··· DATA EXTRACT
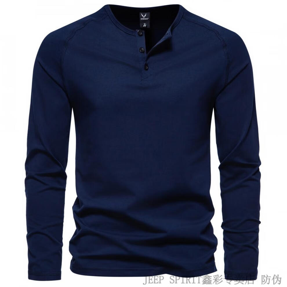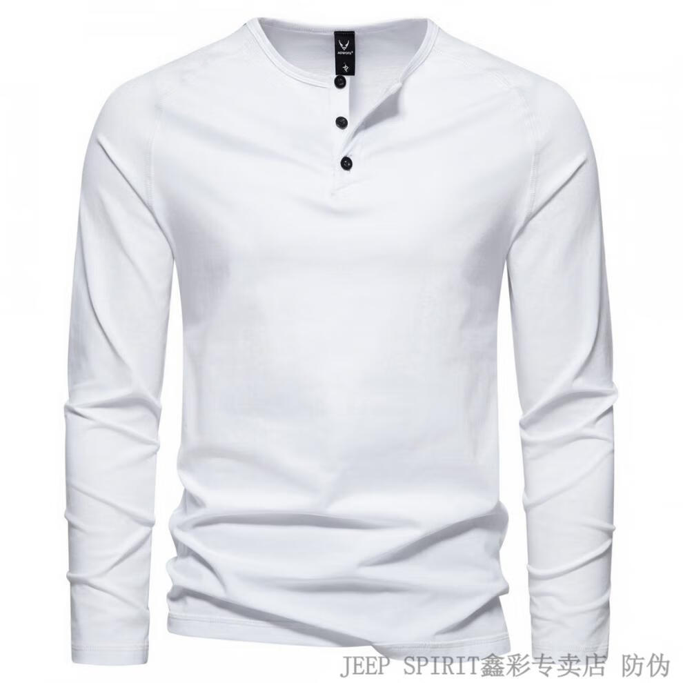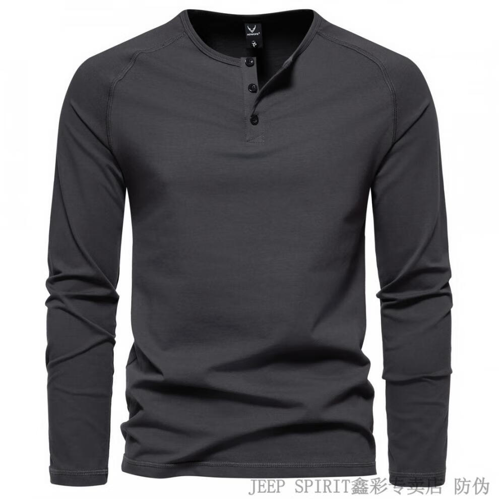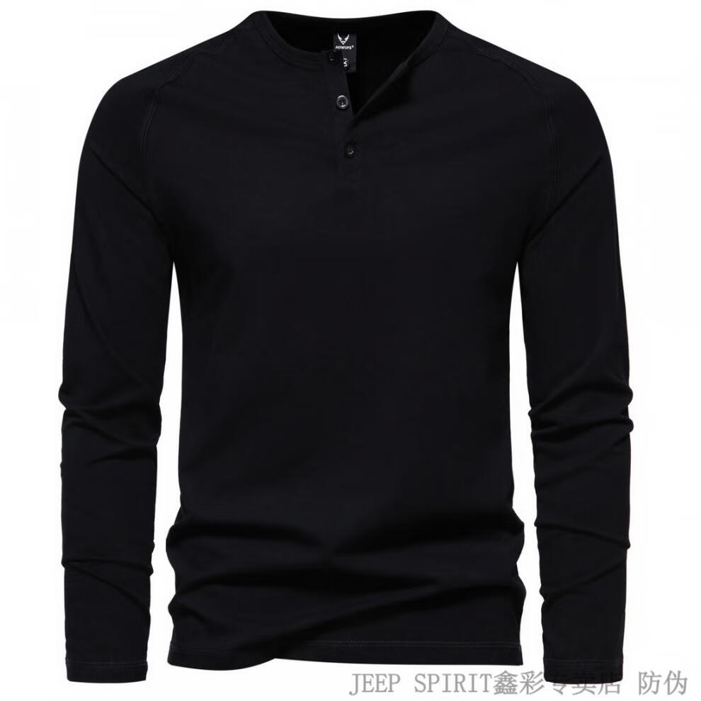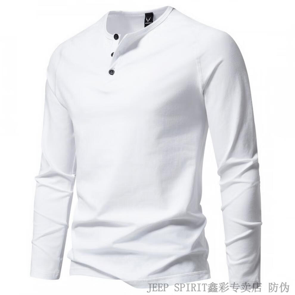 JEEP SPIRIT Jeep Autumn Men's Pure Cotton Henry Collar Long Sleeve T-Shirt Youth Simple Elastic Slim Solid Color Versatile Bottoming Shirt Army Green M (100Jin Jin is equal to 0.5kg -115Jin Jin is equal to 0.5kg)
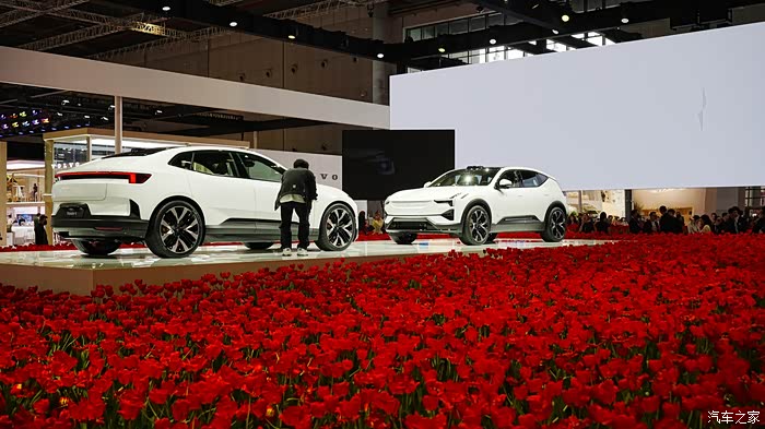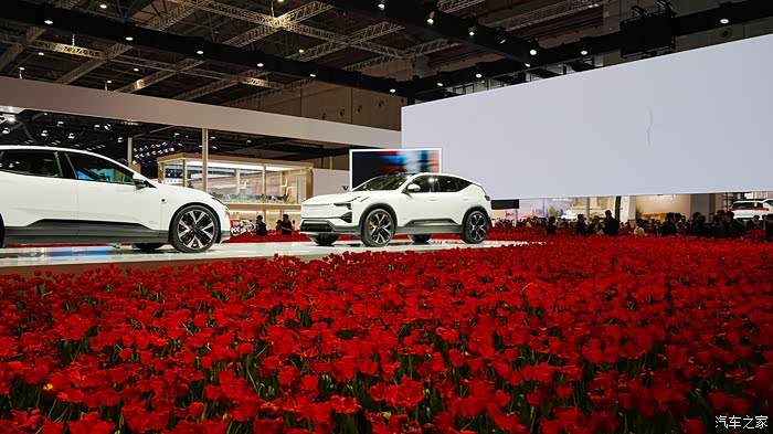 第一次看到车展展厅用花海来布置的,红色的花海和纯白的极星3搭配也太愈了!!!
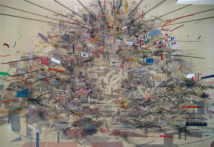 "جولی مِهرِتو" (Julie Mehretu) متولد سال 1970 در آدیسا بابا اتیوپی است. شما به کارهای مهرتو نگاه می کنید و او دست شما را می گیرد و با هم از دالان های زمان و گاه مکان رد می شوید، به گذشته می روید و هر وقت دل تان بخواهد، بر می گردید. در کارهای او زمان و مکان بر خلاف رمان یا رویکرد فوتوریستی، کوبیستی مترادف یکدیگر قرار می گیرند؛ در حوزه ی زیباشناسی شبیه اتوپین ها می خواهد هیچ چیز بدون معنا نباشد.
······
WORK REQUIRED: Everything in the material goes into the copy exactly, except the images.

OUTPUT BELOW:
 JEEP SPIRIT Jeep Autumn Men's Pure Cotton Henry Collar Long Sleeve T-Shirt Youth Simple Elastic Slim Solid Color Versatile Bottoming Shirt Army Green M (100Jin Jin is equal to 0.5kg -115Jin Jin is equal to 0.5kg)
 第一次看到车展展厅用花海来布置的,红色的花海和纯白的极星3搭配也太愈了!!!
 "جولی مِهرِتو" (Julie Mehretu) متولد سال 1970 در آدیسا بابا اتیوپی است. شما به کارهای مهرتو نگاه می کنید و او دست شما را می گیرد و با هم از دالان های زمان و گاه مکان رد می شوید، به گذشته می روید و هر وقت دل تان بخواهد، بر می گردید. در کارهای او زمان و مکان بر خلاف رمان یا رویکرد فوتوریستی، کوبیستی مترادف یکدیگر قرار می گیرند؛ در حوزه ی زیباشناسی شبیه اتوپین ها می خواهد هیچ چیز بدون معنا نباشد.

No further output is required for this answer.